▸ **Work instructions**
Repeat every line of the listing below exactly, minus the pictures.

*** Opening of Information provided ***

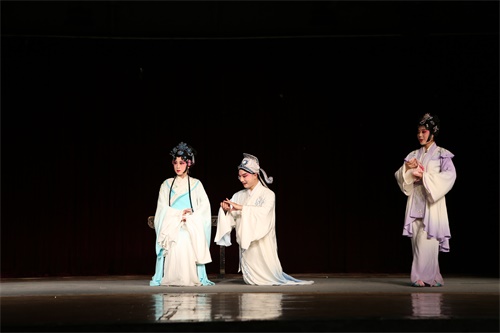 藝術教育中心常務副主任韓程羽,團委宣傳部部長、外語系分團委書記張添善,藝術系分團委書記李洋,藝術教育中心學生藝術團指導教師盛鑫娜等500余名師生觀看了演出。隨著雷鳴般的掌聲響起,昆曲《西廂記》在金沙城js93線路檢測中心拉開了帷幕。
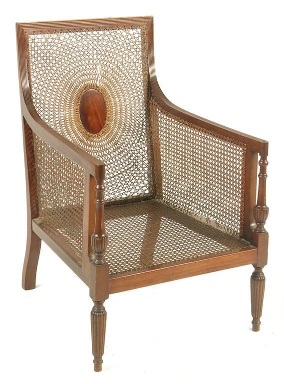 An Edwardian mahogany and caned bergere, with a reeded frame and ribbed turned supports. Caning defective.
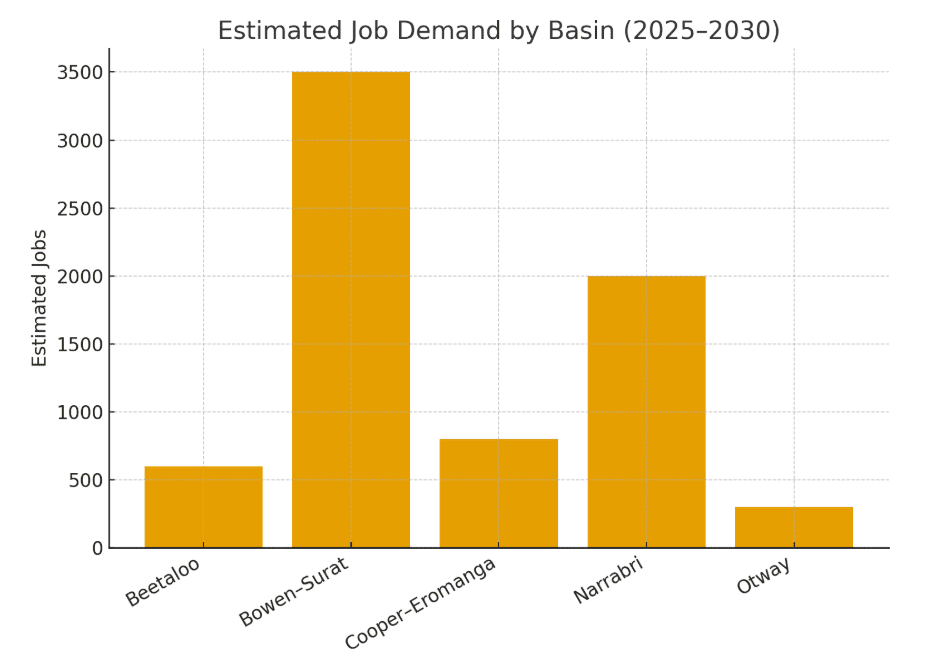Bowen–Surat Basin (QLD): Expansion through Arrow Energy’s Phase 2 and Senex Atlas projects will deliver hundreds of new wells by 2028 — increasing demand for drillers, field operators, pipeline welders, and safety officers.
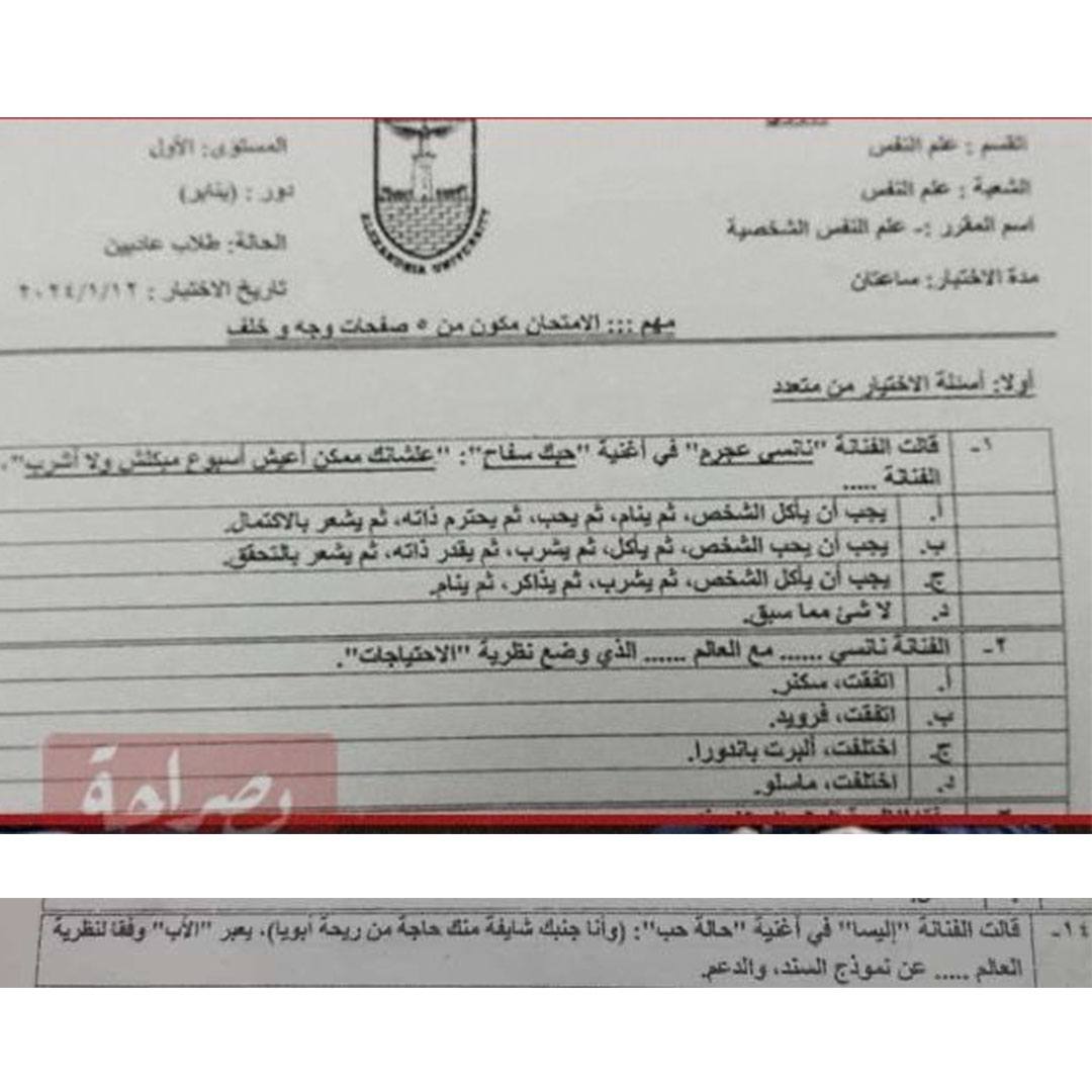 وتفاجأ طلاب كلية الآداب في جامعة الإسكندرية، في مصر، بأوراق امتحاناتهم، بعدما قررت أستاذة قسم علم النفس الشخصي الاستعانة بمقتطفات من أغنيتي “حبك سفاح” و”حالة حب”.

*** Close of Information provided ***

▸ **Solution for this task**
 藝術教育中心常務副主任韓程羽,團委宣傳部部長、外語系分團委書記張添善,藝術系分團委書記李洋,藝術教育中心學生藝術團指導教師盛鑫娜等500余名師生觀看了演出。隨著雷鳴般的掌聲響起,昆曲《西廂記》在金沙城js93線路檢測中心拉開了帷幕。
 An Edwardian mahogany and caned bergere, with a reeded frame and ribbed turned supports. Caning defective.
Bowen–Surat Basin (QLD): Expansion through Arrow Energy’s Phase 2 and Senex Atlas projects will deliver hundreds of new wells by 2028 — increasing demand for drillers, field operators, pipeline welders, and safety officers.
 وتفاجأ طلاب كلية الآداب في جامعة الإسكندرية، في مصر، بأوراق امتحاناتهم، بعدما قررت أستاذة قسم علم النفس الشخصي الاستعانة بمقتطفات من أغنيتي “حبك سفاح” و”حالة حب”.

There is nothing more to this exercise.